REQUIREMENT — Pictures must not appear in your answer. Write out exactly the lines from the one with "วิทยาลัยเทคนิควาปีปทุม ร่วมกับ สถาบันโฟกัสอะคาเดมี่" through the last line of the entries below.

Items from a dataset:

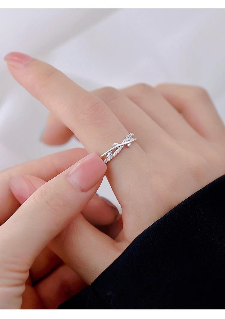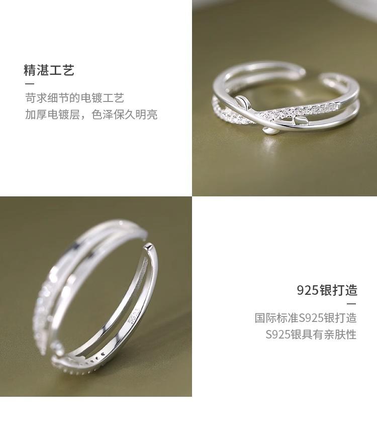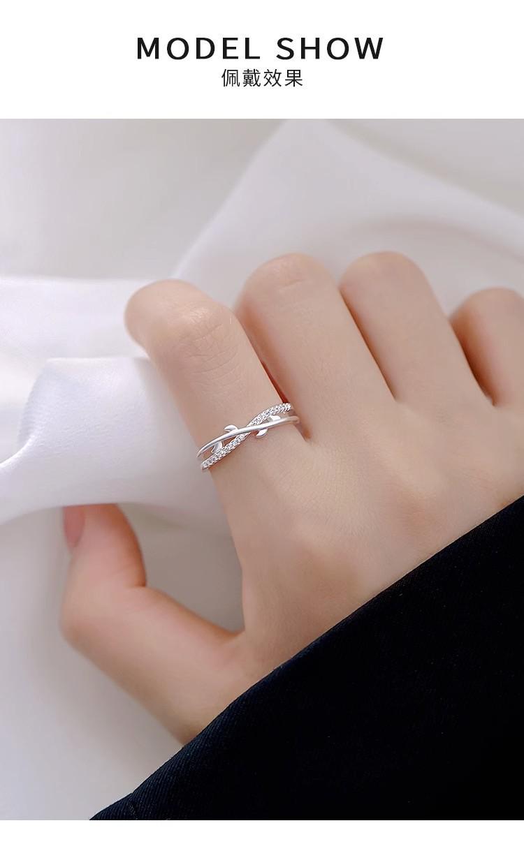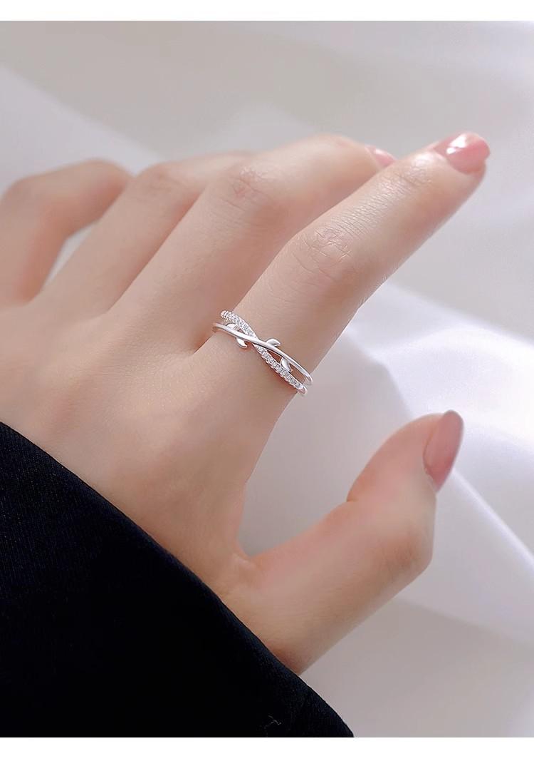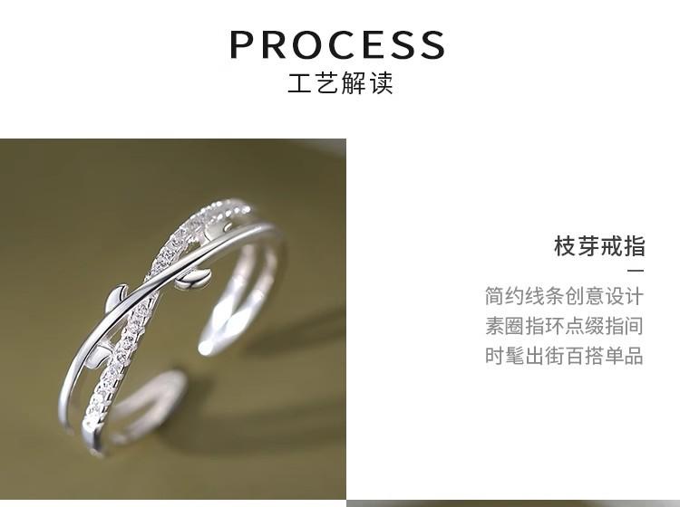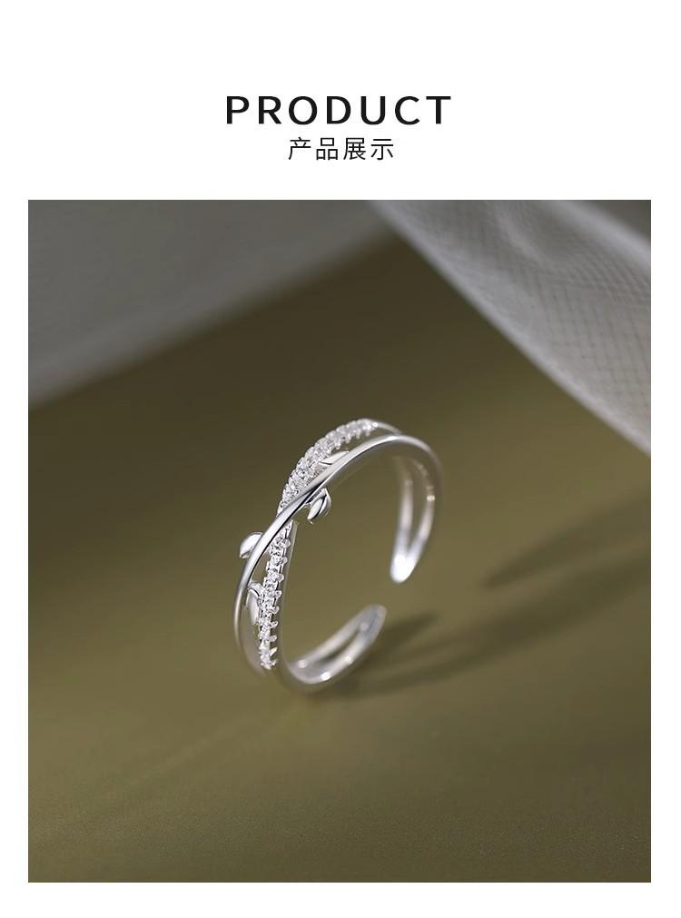 Anillo de plata de ley 925 con forma de rama de butín para mujer, estilo Mori, pequeño y fresco, con microincrustaciones de circonita cúbica, abierto y explosivo.
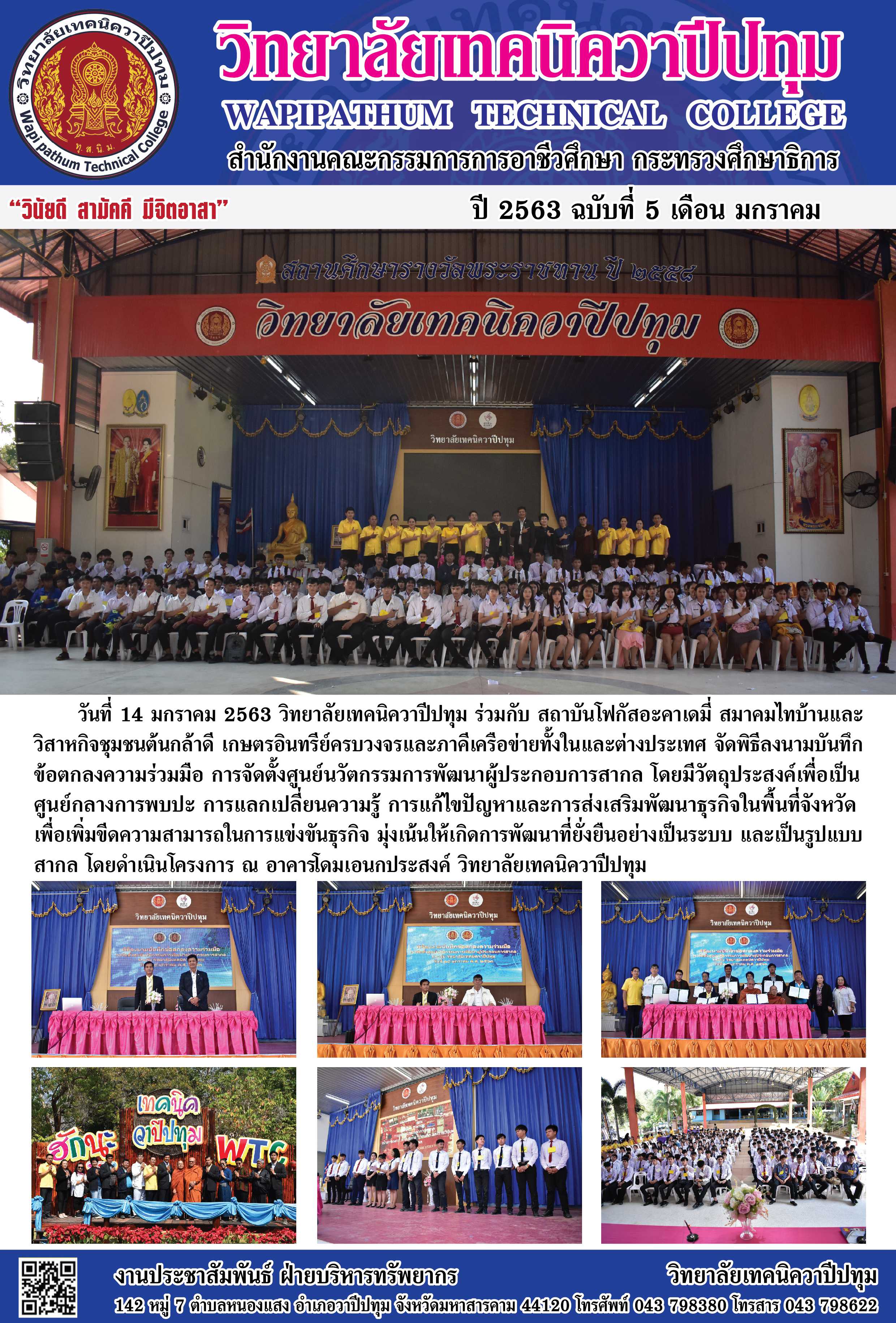 วิทยาลัยเทคนิควาปีปทุม ร่วมกับ สถาบันโฟกัสอะคาเดมี่ สมาคมไทบ้านและวิสาหกิจชุมชนต้นกล้าดี เกษตรอินทรีย์ครบวงจรและภาคีเครือข่ายทั้งในและต่างประเทศ จัดพิธีลงนามบันทึกข้อตกลงความร่วมมือ
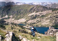 À partir du col débute une longue descente de 1200 mètres vers le hameau de Alós de Isil. Il y a maintenant des cairns pour se repérer, et cependant Yves et Philippe trouvent le moyen de prendre chacun une voie différente. |
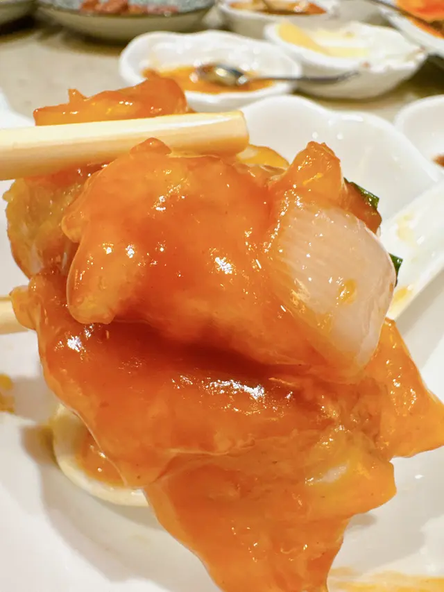 接下來,一道風味松子魚引起了我的興趣。魚肉鮮嫩多汁,伴隨著松子的香氣,口感豐富而有層次。松子的香氣與魚肉的鮮美相融合,帶來獨特的風味體驗。每一口都彷彿在舌尖上跳躍,帶來一種令人陶醉的美味感受。
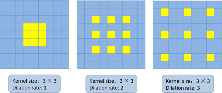 앞서 설명드린대로, Dilated Convolution은 기존의 Convolution에서 커널 내의 간격을 두어 적은 연산량으로 이미지를 바라보는 시야를 넓힐 수 있다는 장점이 있습니다.
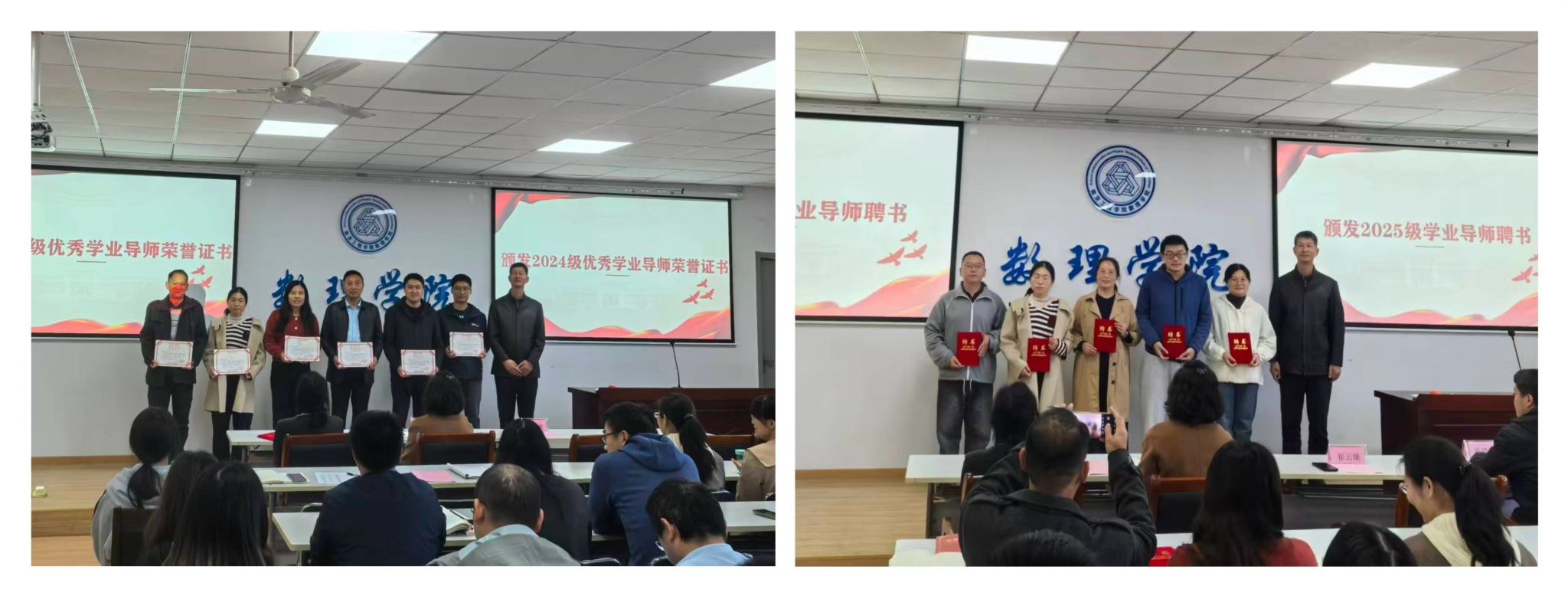11月5日,数理学院在文理楼B302举行2025级本科生学业导师制启动仪式暨优秀导师表彰大会。学院党总支书记张兴丽,党总支副书记、院长崔云康,副院长张康群、银龄辅导员史志仙以及导师和学生代表参加会议。

SOLUTION BELOW —
 วิทยาลัยเทคนิควาปีปทุม ร่วมกับ สถาบันโฟกัสอะคาเดมี่ สมาคมไทบ้านและวิสาหกิจชุมชนต้นกล้าดี เกษตรอินทรีย์ครบวงจรและภาคีเครือข่ายทั้งในและต่างประเทศ จัดพิธีลงนามบันทึกข้อตกลงความร่วมมือ
 À partir du col débute une longue descente de 1200 mètres vers le hameau de Alós de Isil. Il y a maintenant des cairns pour se repérer, et cependant Yves et Philippe trouvent le moyen de prendre chacun une voie différente. |
 接下來,一道風味松子魚引起了我的興趣。魚肉鮮嫩多汁,伴隨著松子的香氣,口感豐富而有層次。松子的香氣與魚肉的鮮美相融合,帶來獨特的風味體驗。每一口都彷彿在舌尖上跳躍,帶來一種令人陶醉的美味感受。
 앞서 설명드린대로, Dilated Convolution은 기존의 Convolution에서 커널 내의 간격을 두어 적은 연산량으로 이미지를 바라보는 시야를 넓힐 수 있다는 장점이 있습니다.
11月5日,数理学院在文理楼B302举行2025级本科生学业导师制启动仪式暨优秀导师表彰大会。学院党总支书记张兴丽,党总支副书记、院长崔云康,副院长张康群、银龄辅导员史志仙以及导师和学生代表参加会议。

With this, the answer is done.